Despite the uphill battle Black Sea was a labour of love

Ultrviolence talks passion, music, and the origin of their name

Even when they are just hanging around you can see that they are doing something they love.
Even when they are just hanging around you can see that they are doing something they love.
Image Credits: Chris Ho

See below for more photos from the night. All photos courtesy of Chris Ho. 


 

Post-punk Calgary band Ultrviolence kicked off a mini-tour with their EP release party in Vancouver at the Emerald in Chinatown. Black Sea is their latest, following 2012’s Burn then Shine EP. During an interview with The Peak, singer and bassist Nate J., drummer Kirk Power, and guitarist Ali Abbas discussed the uphill battle it took to make Black Sea a reality.

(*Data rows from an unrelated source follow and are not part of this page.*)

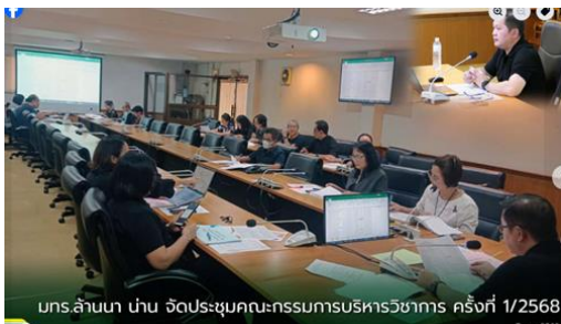
มกร.ล้านนา นำน จัดประชุมคณะกรรมการบริหารวิชาการ ครั้งที่ 1/2568 7 พ.ย. 2568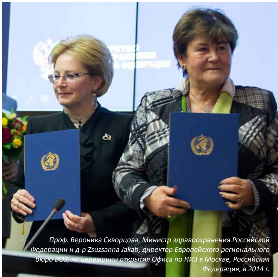
Проф. Вероника Скворцова, Министр здравоохранения Российской Федерации и д-р Zsuzsanna Jakab, директор Европейского регионального бюро ВОЗ, на церемонии открытия Офиса по НИЗ в Москве, Российская Федерация, в 2014 г.

Европейский регион достиг прогресса в ключевых областях борьбы с НИЗ. Продолжает снижаться смертность от сердечно-сосудистых заболеваний, по-прежнему прослеживается четкая тенденция к снижению распространенности курения, стабильно сокращается потребление алкоголя. Тем не менее, такая общая картина в Европейском регионе маскирует значительные различия между странами и отдельными группами населения, особенно среди молодежи. НИЗ продолжают оставаться ведущей причиной смертности, нарушений здоровья и инвалидности в Европейском регионе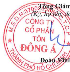
Đoàn Vĩnh Phước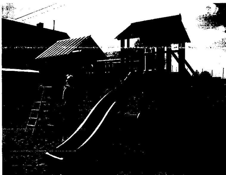
Prace „odświeżające” plac zabaw w Gaudynkach 2015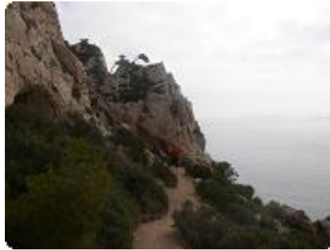
[17] Le sentier du douanier.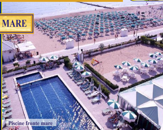
Piscine fronte mare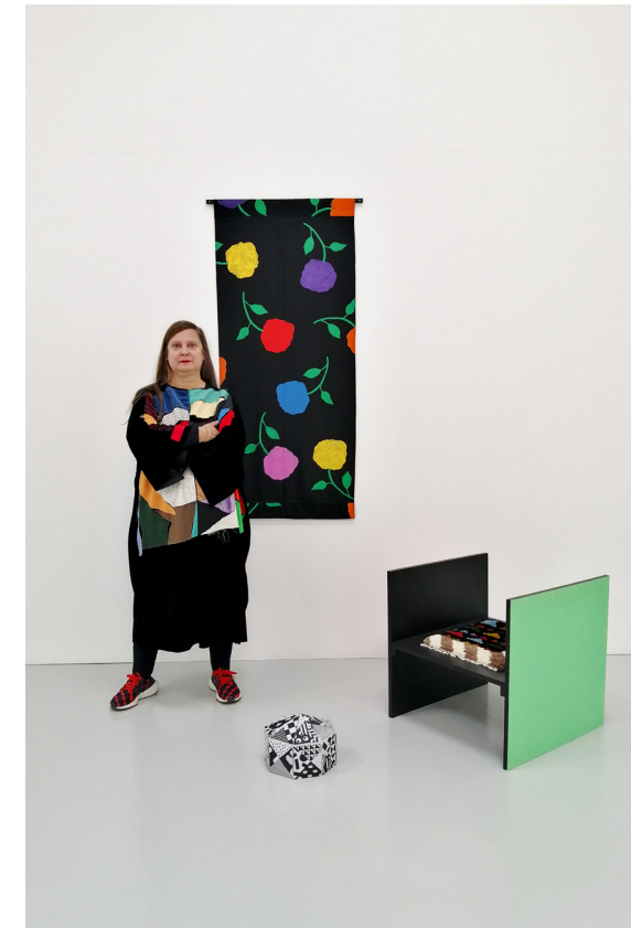
Vue d'atelier, déc. 2025

Site internet de l'artiste : http://karina.bisch.free.fr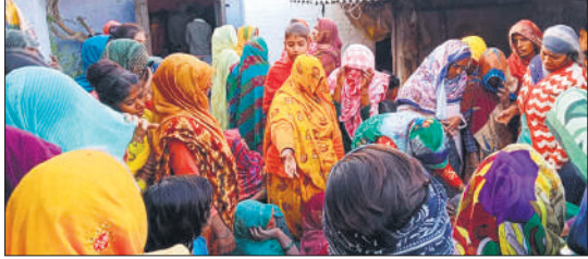
युवक की मौत पर विलाप करती परिजन।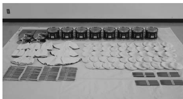
▲幼年消防用鼓笛隊活動資器材

幼年消防用鼓笛隊活動資器材（マーチングドラム等）を妙高こども園に、防火防災訓練用資器材（心肺蘇生訓練人形）を郡上市女性防火クラブに整備しました。この事業は、防火意識の向上と地域防災の担い手の育成を目的に行っています。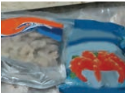
شکل ۱۷- ظروف بسته‌بندی میگو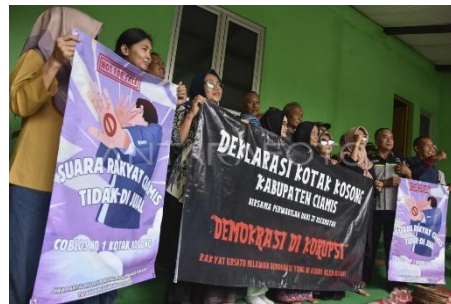
Gambar 1.1 Gerakan Kotak Kosong

cukup kuat untuk mendorong perubahan struktural. Di sisi lain, lemahnya fungsi partai politik dalam menjalankan perannya sebagai wahana rekrutmen politik dan pendidikan politik juga menjadi akar persoalan munculnya calon tunggal dan minimnya partisipasi alternatif dari masyarakat sipil.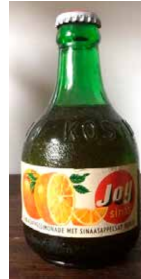
Afb. 19. Flesje Joy (internet)

De kiosk had een wc, de enige in de wijde omgeving, en dan met al die mensen. Om de haverklap was die ook vreselijk smerig en het was onder andere de taak van de dochters om de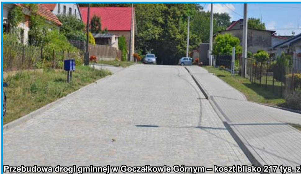
Przebudowa drogi gminnej w Goczałkowie Górnym – koszt blisko 217 tys. zł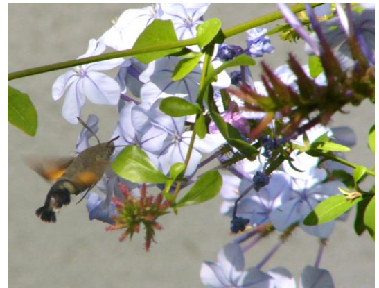
Taubenschwänzchen (links) an blühender Kübelpflanze im Herbst

Nicht nur die Verwendung des Gemüses macht die Ernte im Garten vielfältiger, sondern unterstützt im Spätsommer, wenn andere Blüten für die Ernährung von Insekten bereits rar sind, die Versorgung dieser Tiergruppen. Unterstützt wird dies noch durch einen späten Blattlausbefall, der räuberische Insekten zusätzlich anlockt.

Power: It’s taken two years to get to this point.

J.: It’s been quite the hardship.

Abbas: The plates kept on breaking. Every time they’d get pressed, something would go wrong with the plates.

It took four broken plates, one “bunk test pressing,” and one remaster to get the EP out to the world, according to Power. Abbas joked that “it wasn’t meant to be,” and it certainly seems that way. The band hasn’t had an easy road. Their tour vehicle was at the mechanic’s the night of the show. It was spitting fire earlier.

J. and Power have been friends since childhood. They started the band in 2002, back when they were a “rock, metal, Danzig band,” said J. They made the switch to post-punk because “It seemed like a natural transition. . . and a more interesting avenue,” Power explained. Abbas only came on board two years ago, but their signature moody sound was tight on stage.

During every pause in singing throughout their set, J. would take the time to very enthusiastically dance to the music. In true post-punk form, the set was dark with sorrowful, with soulful lyrics and moody guitar and bass. The rollicking drum riffs helped elevate the sound to another level.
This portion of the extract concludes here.